__What is expected__:
Write out again, exactly as they appear, the lines from the start of the data below through the line with "Black Hand Tooled"; no pictures.

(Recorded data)
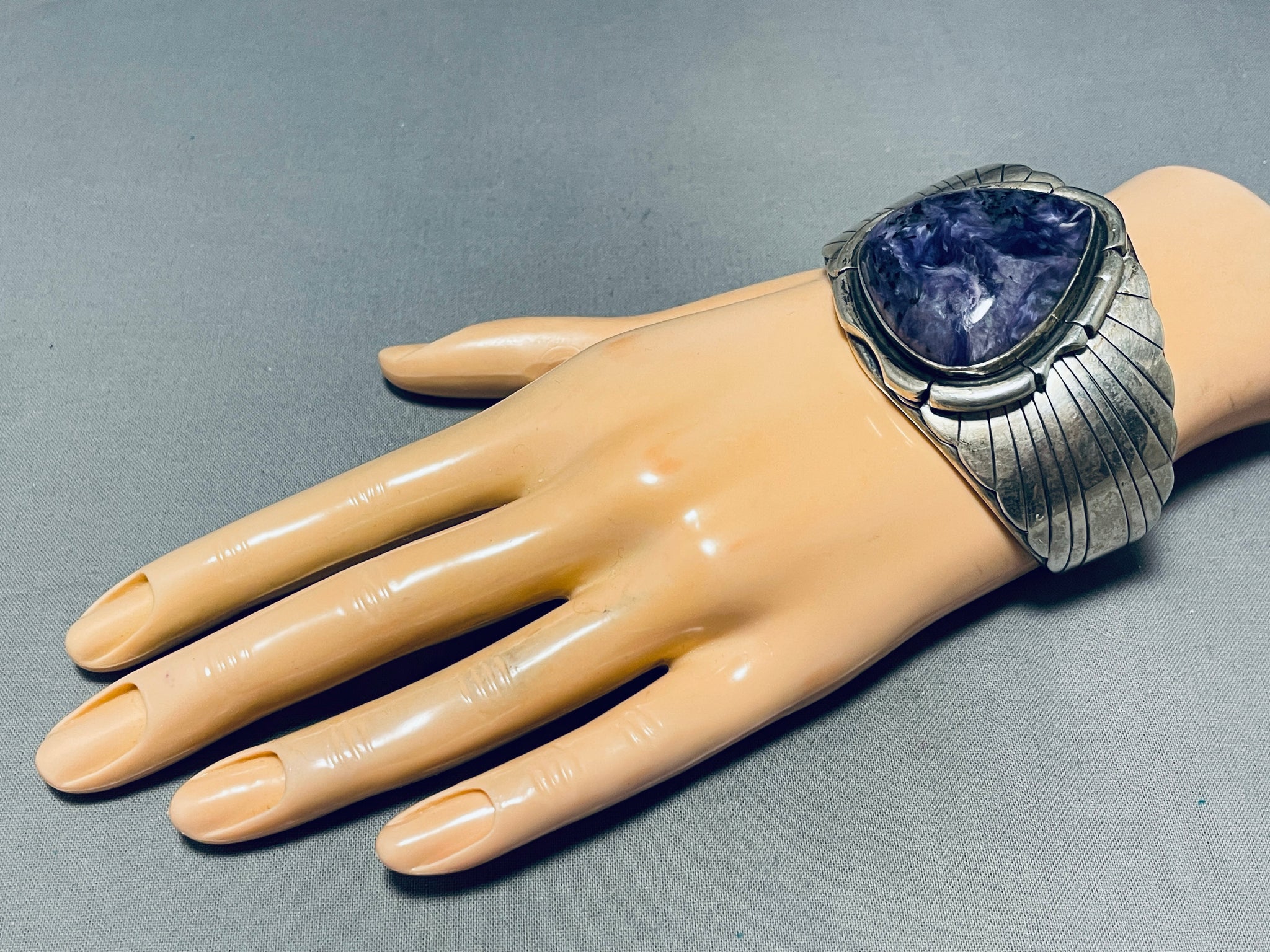 Jonny Peters Vintage Native American Navajo Charoite Sterling Silver Bracelet
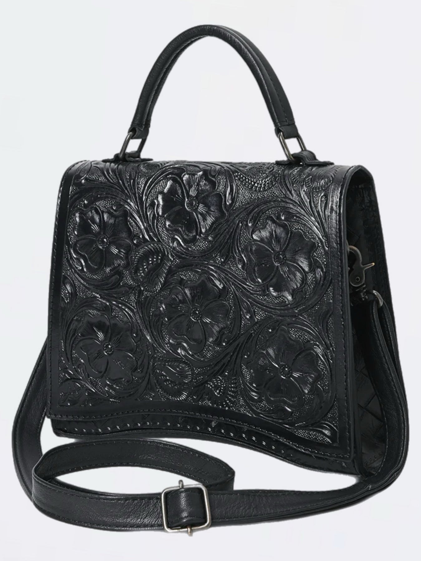 Black Hand Tooled Leather Crossbody Messenger Handbag
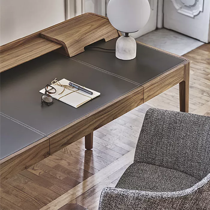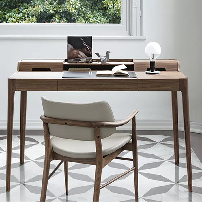 ارتفاع استاندارد ۷۵ سانتیمتری این محصول باعث میشود تا هنگام نشستن پشت آن، ارگونومی بدن حفظ شده و از خستگی زودرس جلوگیری شود. همچنین، ظاهر شیک و رسمی آن باعث شده تا بسیاری از مدیران جوان و فریلنسرها آن را به عنوان یک میز مدیریتی مدرن برای دفتر کار خود انتخاب کنند. گرمای رنگ چوب گردو، فضای خشک کاری را تلطیف کرده و انرژی مثبت را در محیط جریان میدهد.
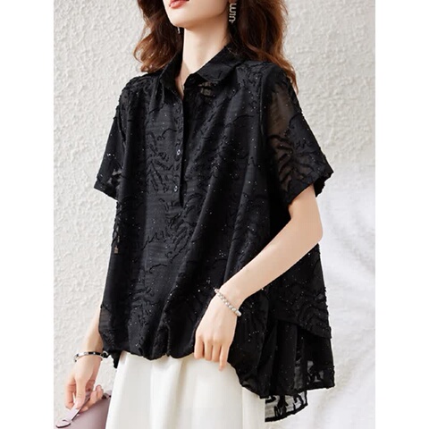 半开襟浮雕薄款短袖衬衫女2025夏季新款时尚休闲百搭遮肉显瘦上衣
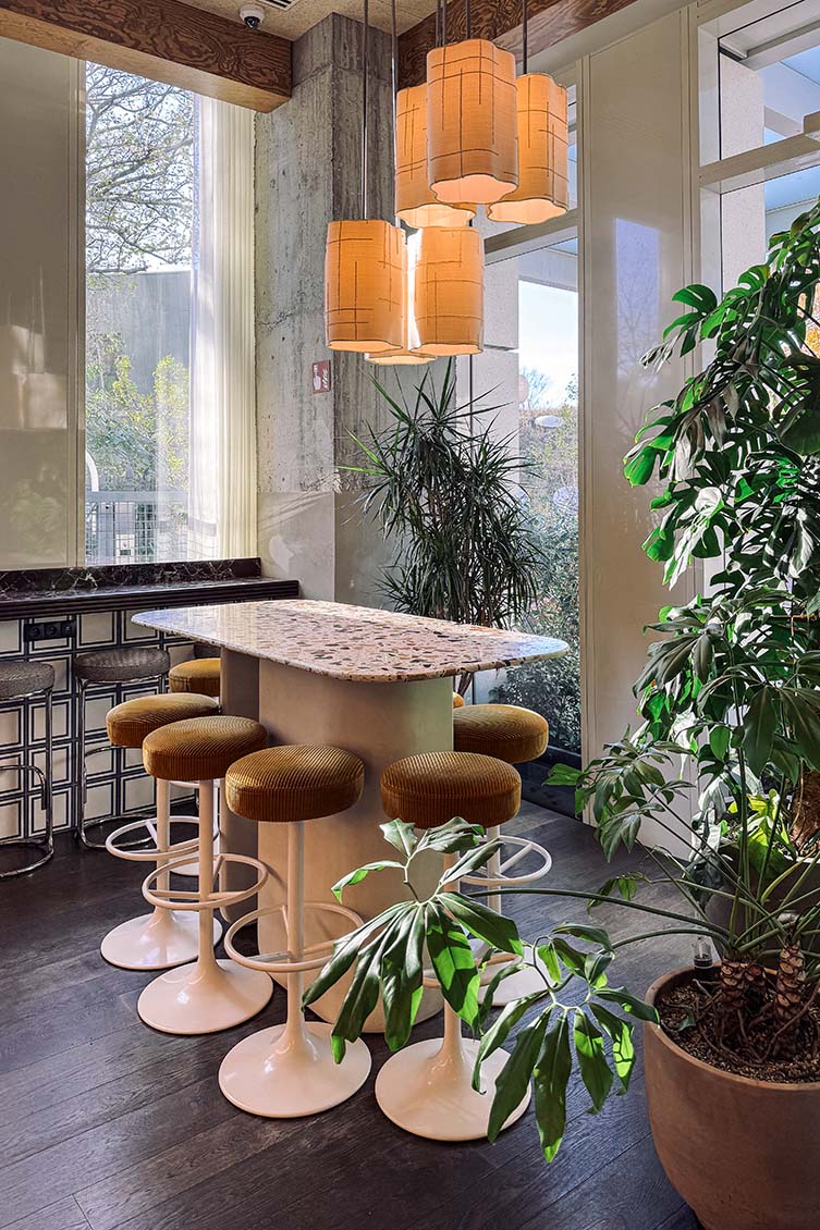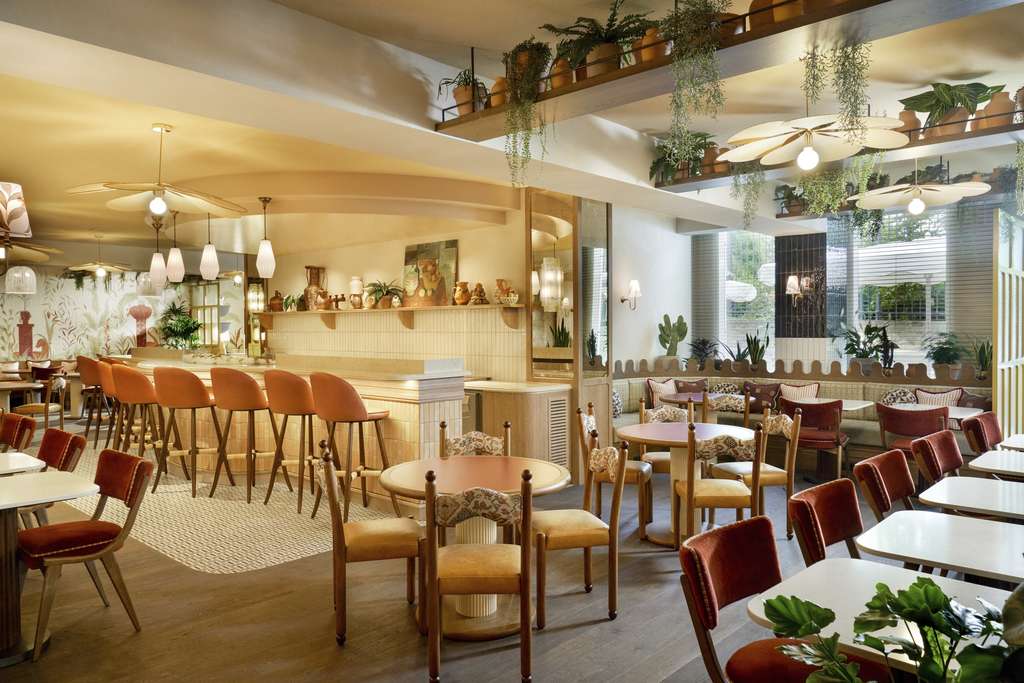 The Hoxton has always been known for its impeccable sense of place, and AIME Studios—Ennismore’s in-house design team—has outdone itself here. Drawing inspiration from the building’s Brutalist DNA, they’ve created interiors that celebrate structure, texture, and tone. Expect a tactile symphony of polished plaster, pink marble, walnut cabinetry, and geometric patterns offset by Belgian vintage furniture and lush greenery that nods to the gardens outside. Local artistry plays a starring role too, with colorful murals by Madeleine Schilling and Claire de Quenetain energizing the common areas. It’s a space that feels both grounded in Brussels’ architectural heritage and refreshingly contemporary—a Brutalist frame softened by soul and warmth.
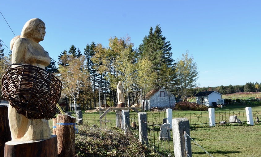 Le projet intègre une dimension artistique. Pierre D’Amours, un sculpteur de Matapédia, a taillé dans les troncs d’arbres restants une Acadienne au visage ridé qui « regarde les siens dans le cimetière ».
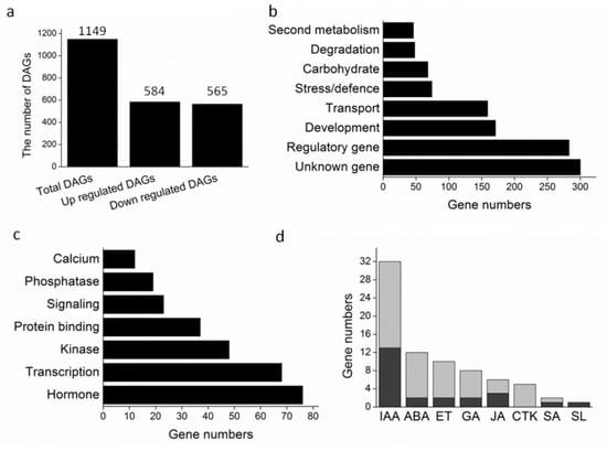 DRL1 regulates various genes associated with leaf senescence. (a) The number of DEGs in DRL1-overexpressing transgenic plants compared with wild type plants. (b) Classification of DAGs based on Gene Ontology (GO) annotation. (c) Classification of regulatory genes. (d) Classification of hormone-related genes (gray columns represent up-regulated genes, black columns represent down-regulated genes).
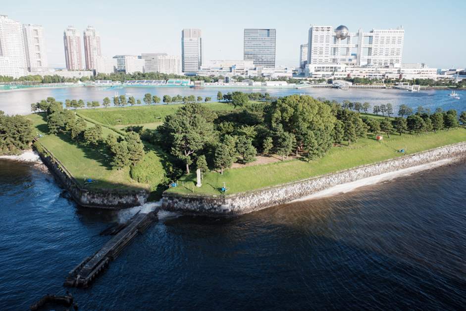 There are many points on the bridge that have information on the history of Tokyo Bay, the Tokyo Port Tunnel, the Harumi Cruise Terminal, and other buildings in the area. Approaching the Odaiba side of the bridge, you'll be rewarded with a view of Odaiba Seaside Park, where the Tokyo 2020 Triathlon was held, and Shinagawa Daiba, the site of the Edo Shogunate's artillery emplacements from which the name "Odaiba" is derived.
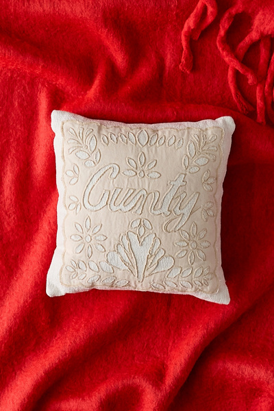 Not your grandma’s doily doily-inspired throw pillow. Inspired by ornamental lace mats, this decorative pillow features a slogan cutout applique layered over a textural cotton base. Available exclusively at Urban Outfitters.
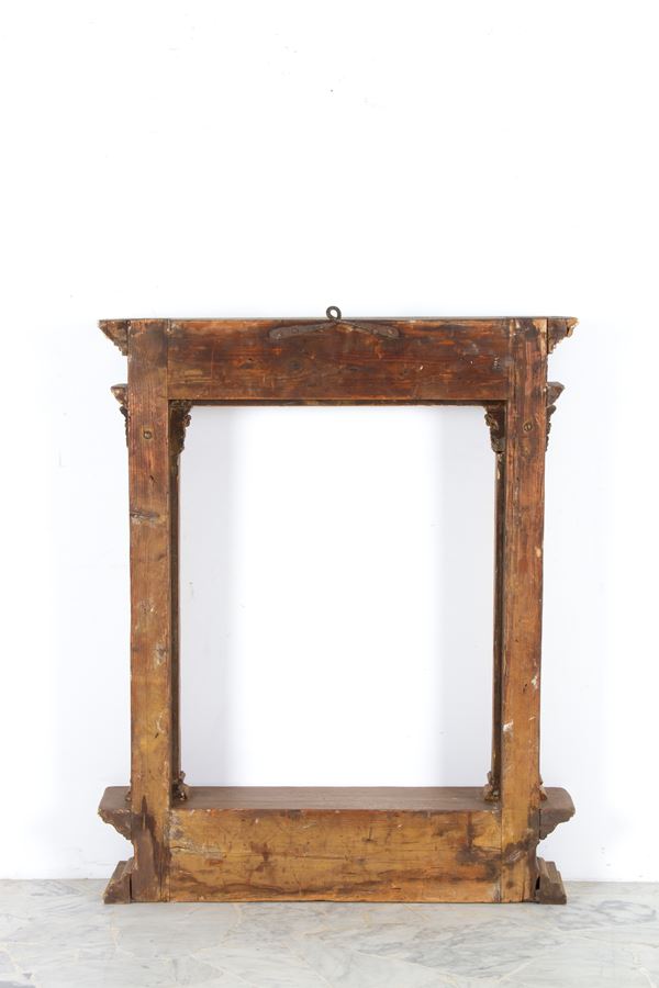 Sansovino-style frame in carved and gilded wood. Early 20th century. Minor defects.
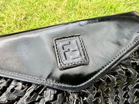 Authentic Vintage Fendi Black Woven Leather Clutch Bag
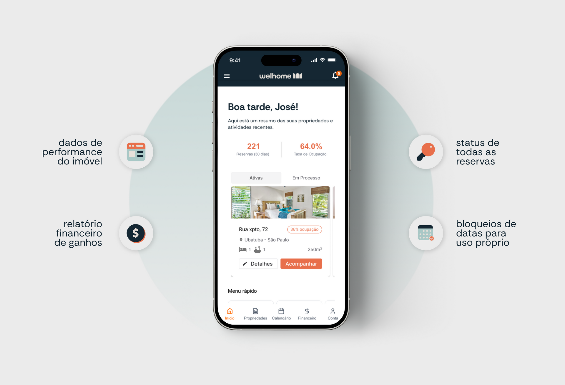 Nele você tem acesso às informações financeiras, calendário e controle de reservas do seu imóvel. Tudo na palma da sua mão.
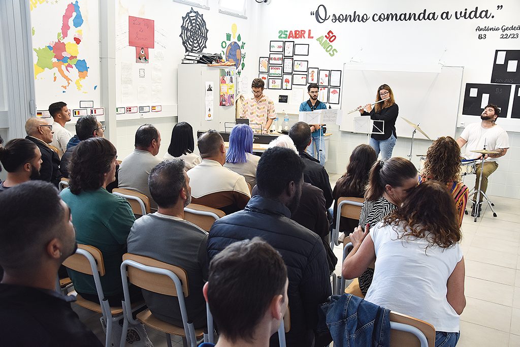 A sala onde os reclusos têm aulas do primeiro ciclo acolheu, na manhã da passada sexta-feira, uma atividade diferente. Ao invés da professora, em frente ao quatro estavam quatro músicos do Conservatório das Caldas da Rainha que deram um concerto de jazz para uma sala repleta. “Blue Bossa”, “All The Things you Are”, “Michelle”, “My Favorite Things” ou “Yesterday”, foram alguns dos êxitos musicais tocados Bernardo Mendes (piano), Luís Coelho (saxofone), Luís Pereira (bateria) e Cristiana Moreira (flauta) que, face ao entusiasmo do público, ainda tocaram um encore: Take Five.

__Task solution__:
 Jonny Peters Vintage Native American Navajo Charoite Sterling Silver Bracelet
 Black Hand Tooled Leather Crossbody Messenger Handbag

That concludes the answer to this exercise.